PETALING JAYA: The oil and gas sector is expected to see contract flows increase in the coming months, to make up Petronas’ underspending in the first half of this year.
Petronas has spent on capital expenditure totalling RM16bil in the first half of 2019, representing 32% of its full year target of RM50bil.
According to Affin Hwang Capital, Petronas has allocated half of the RM50bil for domestic projects.
“We believe activities will remain robust, with domestic upstream capex also guided to be higher at RM15bil, as compared to RM8bil in 2018.
“The total RM50bil guidance is still unchanged, showing Petronas’ commitment to roll out more contracts in the coming months.
“We believe contract flows by Petronas could accelerate in the coming months, providing excitement to the sector until year-end, ” said Affin Hwang Capital in a sector report.

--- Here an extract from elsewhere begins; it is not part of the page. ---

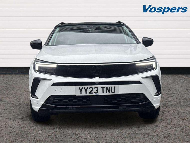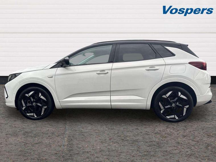 12" colour digital cluster, Central facia display with digital clock, outside air temperature and audio information, Digital fuel gauge with low fuel level warning light, Digital rev counter, Digital speedometer, Digital water temperature gauge with warning light, Drive mode selector, Driver drowsiness alert system, Driver information - Total mileage, service indicator, oil life, EV information display with powerflow, charge, e-save and statistics, Front and rear parking distance sensors with 360 degree rear view camera and advanced park assist, Gearshift up/down indication light, Highway integration assist (Lane positioning assistant and Adaptive cruise control), Lane departure warning system, Lane keep assist, Lights on audible warning, Multi function trip computer - Trip odometer, vehicle range, average speed and fuel economy, instantaneous fuel economy and driving time, Multimedia navi pro with 10" colour touch+ sat nav+AM/FM/DAB radio, bluetooth audio streaming/mobile phone portal, Apple carplay/Android auto, USB, Power operated tailgate with foot sensor, Side blind spot alert, Speed sensitive electric power assisted steering, Speed sign recognition, Vauxhall connect including Emergency call (SOS e-call) and Breakdown call (b-call), Wireless charger for mobile devices, Enhanced handling and powertrain tuning, Type 2 mode 3 charging cable, Six speaker - four front + two rear, Steering wheel mounted audio/phone/cruise controls, Automatic lighting control, Black door mirrors, Black side window trim, Body colour door handles, Body colour lower front and rear bumpers, protective wheel arches and lower door cladding, Body colour upper front bumper, Collapsible windscreen wipers, Door to door illumination, Electric adjustable/heated/folding door mirrors, Electrically operated front and rear windows with safety auto reverse and one touch up/down facility, Frameless auto dimming anti dazzle rear view mirror with LED spotlight, Front wiper system spraying directly from wipers, Gloss black protective front skid plate and rear skid plate with 3 fin diffuser, GSe badge on tailgate, Hazard warning lights, Heated rear screen with timed cut off, High beam assist, High gloss black exterior detailing, High gloss black Griffin for Vizor and tailgate with high gloss black Grandland tailgate lettering, High gloss black roof rails, High level centre rear brake light, IntelliLux adaptive LED pixel headlights and LED tail lights, Intermittent rear window wash/wipe, LED daytime running lights, LED front fog lights, Magic wash, Manual headlight beam levelling, Partial heated windscreen, Rain sensor windscreen wipers, Rear side wing doors, Rear spoiler, Reversing light, Shark fin aerial, Soundproof insulated windscreen, Two speed windscreen wipers with variable intermittent wipe, Unique sports style front bumper and rear valence, Upper and lower bumper design, Vizor front grille, Welcome lighting, 12v plug in front console and 12v plug in boot, 3 bench rear seats in 2nd row, 3 spoke flat bottom leather steering wheel with satin chrome effect bezel, 4 way electric driver lumbar support, 4 way passenger electric lumbar support, 60/40 split folding rear seat with centre rear seat armrest and load though facility, Advanced predictive logic control system using a sun sensor, Alcantara upholstery, Alloy sports pedals, Ambient centre console downlighter, Automatic air direction and fan speed with manual override, Charcoal filter, Chrome effect interior door handles, Covered storage compartment in centre console and in driver armrest, Driver's centre armrest, Drivers and front passengers seat with height, reach, tilt, backrest adjustment and seat cushion extension, Dual zone electronic climate control, Electrical thermal preconditioner, Ergonomic active driver and front passenger GSe sports style seats, Front door pockets with 2.6 litre capacity, Front seat back storage pockets, Fully carpeted luggage area, Height adjustable headrests, Illuminated driver/passenger sunvisors with vanity mirror, Illuminated luggage area, ISOFIX on front passenger and rear outer seats, Luggage compartment cover, Reach + rake adjustable steering column, Rear centre seat head restraint, Rear door pockets with 1.8 litre capacity, Rear passenger compartment heating ducts, Rear reading lights, Two drinks holders in centre console, Winter pack - Grandland, Anti-lock braking system (ABS), Automatic emergency braking with pedestrian detection, Child proof locks on rear doors, CSC - Cornering stability control, Deactivation switch for front passenger front and side impact airbags, Deflation detection system, Driver airbag, Dual seatbelt pretensioners on front seats, EBD - Electronic brakeforce distribution, Electronic parking brake, Electronic stability program (ESP) including traction control, Forward collision alert, Front passenger airbag, Front seat side impact airbags, Full-size curtain airbags for driver and front passenger, Hill start assist, Hydraulic Brake Assist (HBA), Inertia reel lap and diagonal seatbelts for all seats, Load limiters on outer rear seatbelt retractors, Pretensioners on outer rear seatbelt retractors, Smart seatbelt reminder for front and rear seats, Tyre pressure monitoring system, Central locking, Deadlocking system, Electronically protected audio equipment, Engine deadlock immobiliser, Keyless entry and start, Locking wheel nuts, Remote security alarm system, Black door panels with black premium leather effect inserts, Dax decor facia panel with palladium medium finish, 19" diamond cut gloss black bi-colour alloy wheel, Tyre inflation kit,
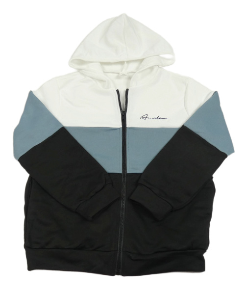 Bílo-modro-černá propínací mikina s nápisem a kapucí Shein

The aggregate sector contract value announced in the 10 months of 2019 was strong at RM49.9bil, compared with RM13.2bil during the same period last year.

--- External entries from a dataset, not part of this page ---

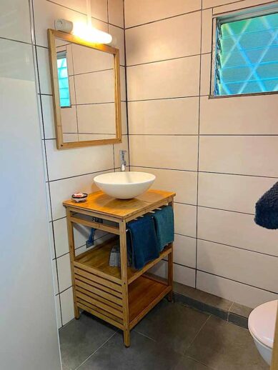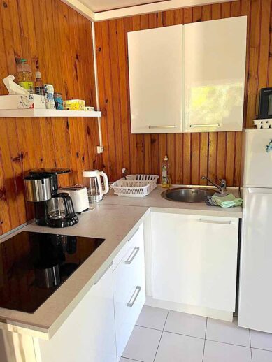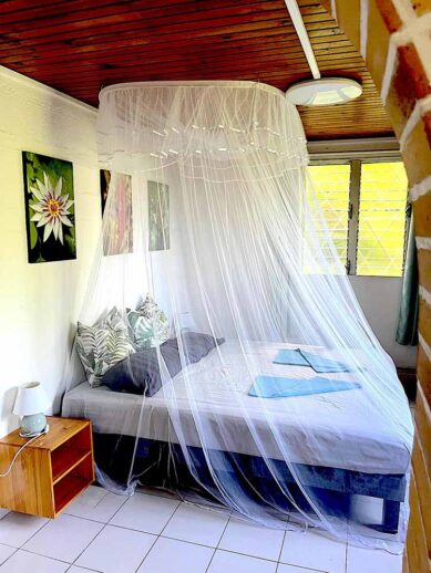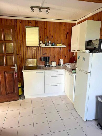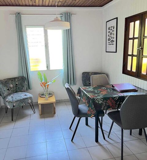 Unsere charmante kleine Ferienwohnung für 1 bis 2 Personen liegt ruhig in den Bergen von Le Vauclin an der Atlantikseite von Martinique. Die Wohnung verfügt über eine voll ausgestattete Wohnküche mit Kühl-/Gefrierschrank, Elektroherd, Mikrowelle, Kaffeemaschine und Toaster. Ein Schlafzimmer mit einem Doppelbett (160 x 200 cm), ausgestattet mit einem Moskitonetz und einem Ventilator, sowie ein helles italienisches Duschbad stehen Ihnen zur Verfügung.
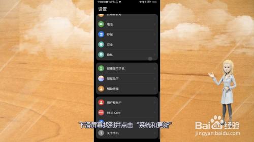 进入华为手机设置界面后,下滑屏幕找到并点击“系统和更新”。
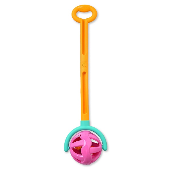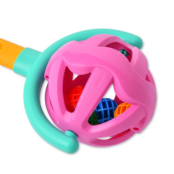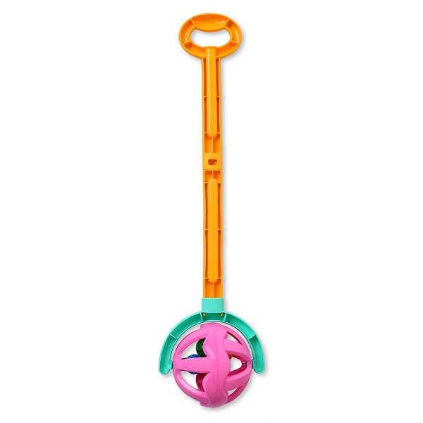 Каталка на палочке «Шарик» с удобной безопасной ручкой для ребенка и цветными шариками внутри для звукового эффекта.
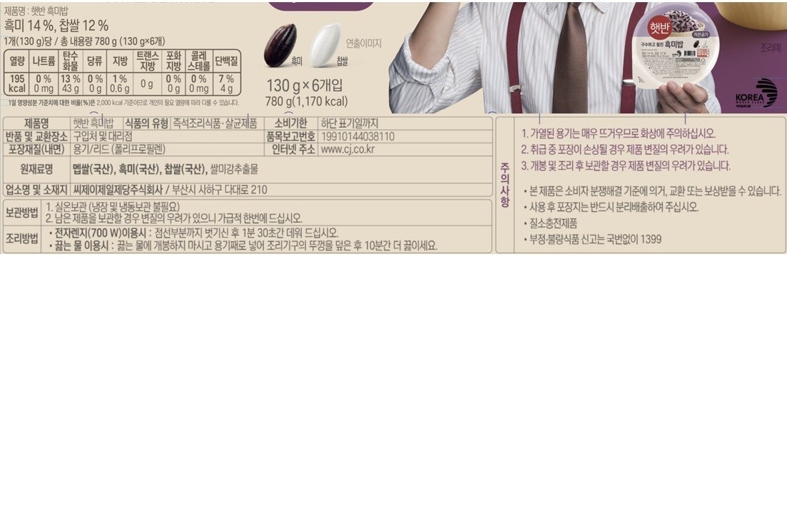 | 포장단위별 내용물의 용량(중량), 수량 | 130g x 12개 | 원재료명 및 함량 | 컨텐츠 참조 |
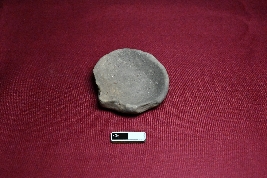 | Description / विवरण | A broken terracotta lamp, circular in shape, slightly out-turned rim, wick is intact and colour of the object is grey. |

Excluding the two giant floating production storage and offloading (FPSO) awards to YINSON and Bumi Armada totalling RM34bil and multiple tanker contracts secured by MISC amounting to RM4bil, normalised contract value was up by 10% year-on-year for the 10-month period in 2019 to RM11.7bil.
Additionally, the jack up rig demand in Malaysia has steadily improved from 10 operational rigs in the first quarter of the year, to 13 to 14 rigs in the third quarter.
This is in line with 16 to 18 rig requirements according to Petronas’ activity outlook.
As such, the maintenance and rigs players could post stronger third quarter results as they benefit from higher job flows.
Daily charter rates (DCR) in the South East Asia region for jack up rig with water depth of more than 350 feet is now in the range of US$65,000 to US$95,000 as compared to US$55,000 to US$65,000 in January 2019.
Meanwhile, the DCR for jack up rig with water depth of less than 350 feet is currently at US$48,000 to US$65,000, versus US$45,000 to US$60,000 previously.
Based on Affin Hwang Capital’s quarterly assessment for the operating cash flow (OCF) of oil and gas companies, the research house noted that small mid-caps were showing signs of improvement.
“We noticed that the companies’ ability to repay their short-term borrowings have generally improved.
“This is due to the better OCF and rationalisation of their respective debts.
“Big caps such as Yinson, Serba Dinamik and Dayang posted weak OCF based on their respective historical three-year trend, while 47% of companies classified under the small-mid cap universe posted healthier OCF quarter-on-quarter, ” the research house said.
For sector exposure, Affin Hwang Capital prefers companies with more exposure to the brownfield work, namely maintenance and jack up segments, as well as good earnings visibility.
However, in view of the recent sector run-up and some stocks under the research house’s coverage nearing its fair values, Affin Hwang Capital recommends profit taking on the upcoming strong third quarter result announcements, as the fourth and first quarters are seasonally weak due to monsoon.